On Mon, Mar 24, 2008 at 2:15 AM, Adam Rosien <[EMAIL PROTECTED]> wrote:
> You should set the HTTP status code to an appropriate value, in the
>  400 or 500 range, via getResponse().setStatus().  See
>  http://www.w3.org/Protocols/rfc2616/rfc2616-sec10.html#sec10.  For
>  your example, 401 Bad Request would be appropriate.
>
>  You can also return a representation that may return additional
>  context information about the error, but there are no REST standards
>  for this; the status code itself should be enough for the client to
>  intelligently interpret.  In Resource.put(), you'd return a
>  Representation object after you set the response status code.

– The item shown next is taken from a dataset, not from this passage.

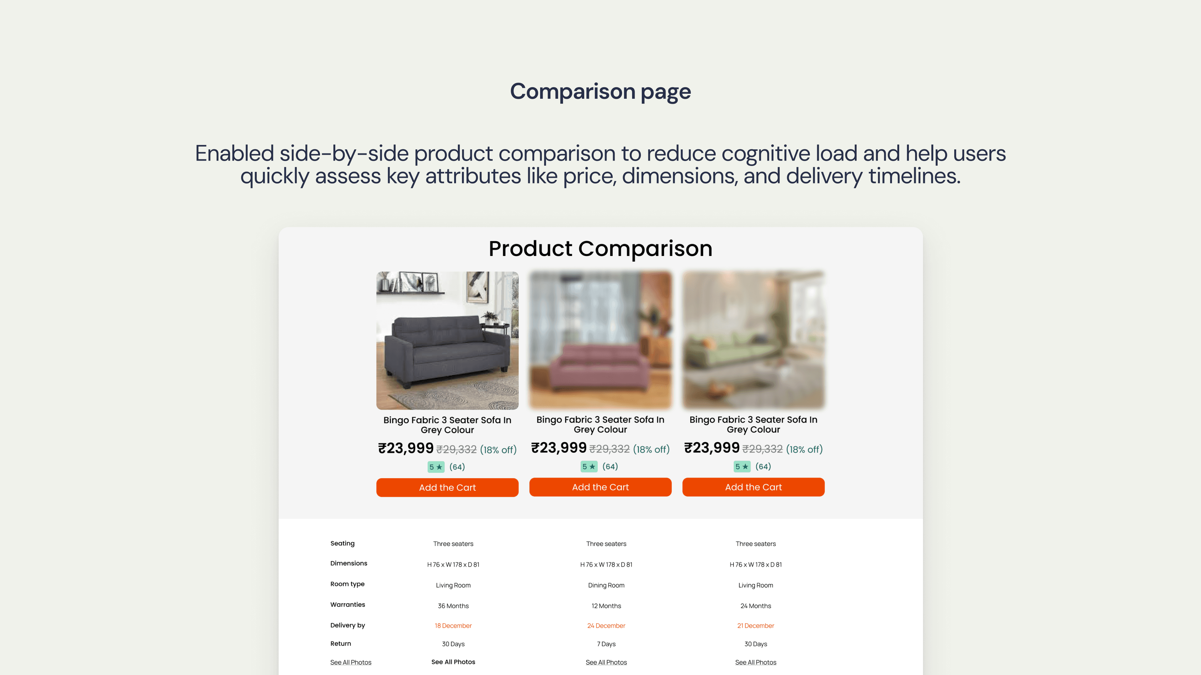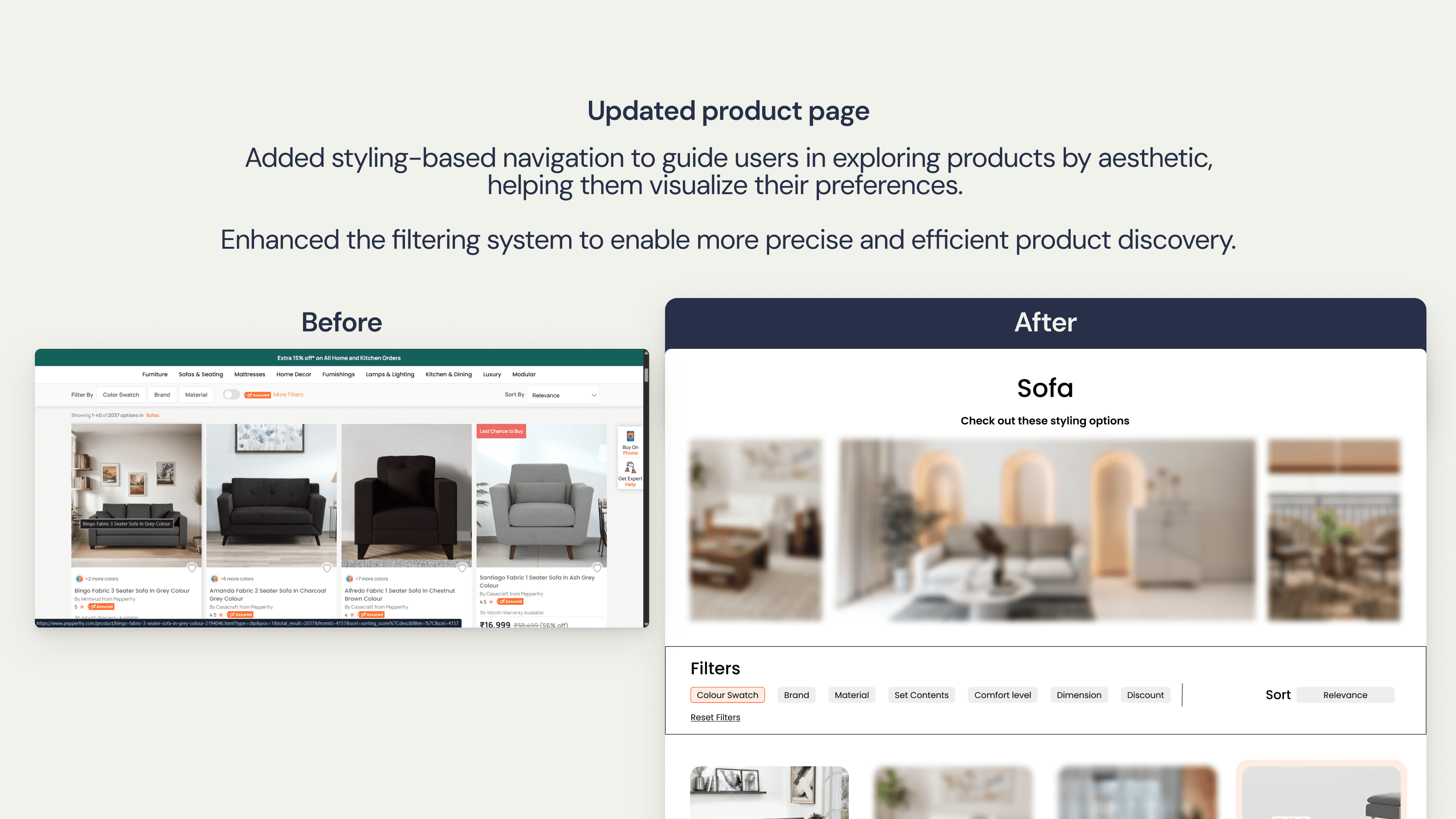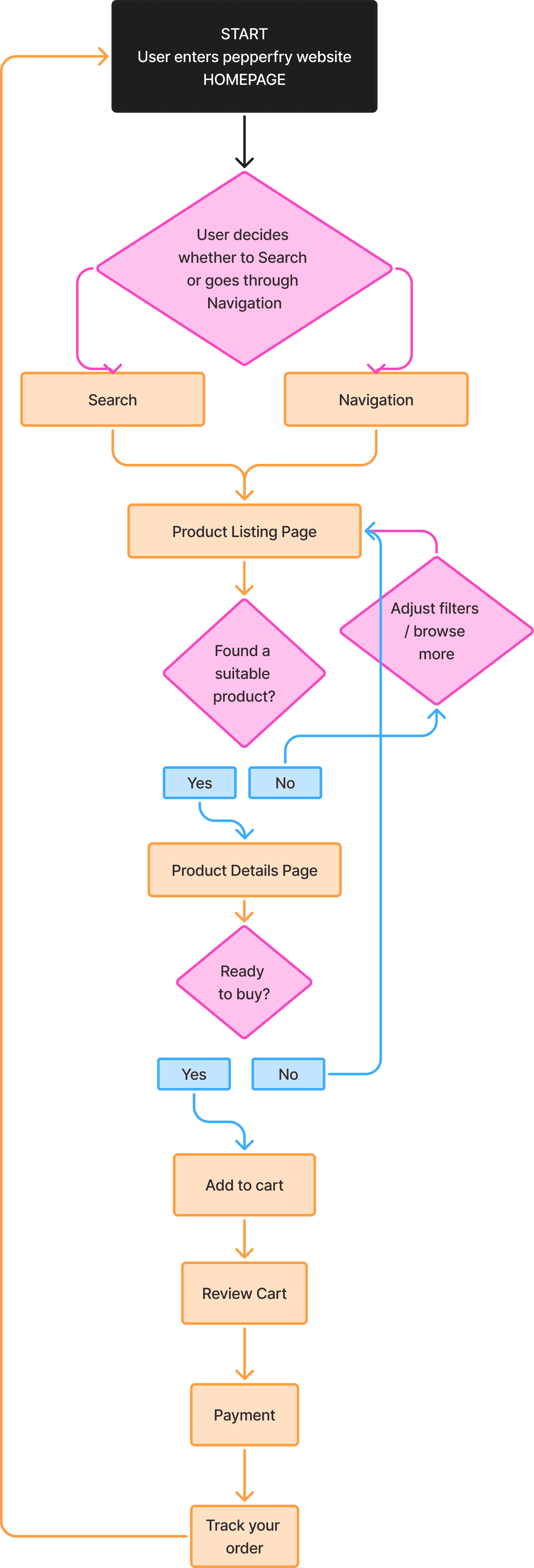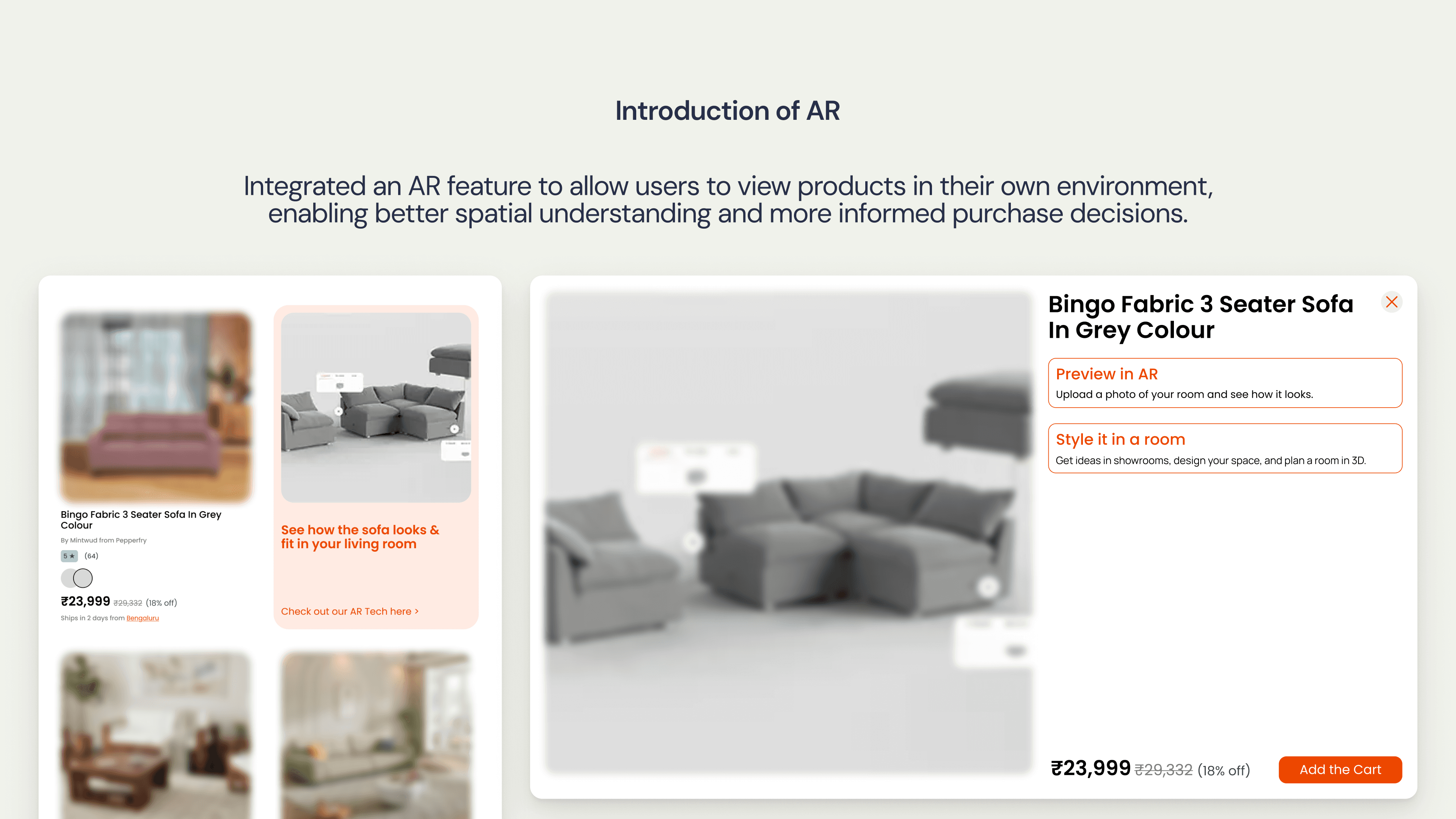 Shopping for furniture online can often feel overwhelming due to excessive choices and complex navigation. This project examines these challenges within Pepperfry, using user insights to design a more streamlined and user-friendly experience.

One thing I'd personally recommend is doiing something like the
SOAPFault fault structure, with
-a string (faultcode) that you promise to leave alone over time for a
specific error
-some user visible error string you may improve over time
-optional nested elements

Way back when I was working on Apache Axis, I added in to their faults
-a stack trace  : good for finding where the problem lay in your code
-the hostname: for identifying the machine at fault when you have a
farm of them.
these can both be turned on/off for security/privacy reasons

for all the failings of SOAP, having a machine readable format for
errors is useful. What you dont have to do in REST is
 -stick to 500 errors everywhere. For security issues, return some 4XX
code with the fault
 -try and turn it into a predefined java, .NET or even C++ exception.

For anyone generating an XML response, consider providing an xsl
stylesheet to turn the XML into XHTML, so that the browser at the far
end can turn it into something people can read *and paste into email
messages*. It is the ability to paste stack traces into email that
makes java stack traces and bugreps so wonderful.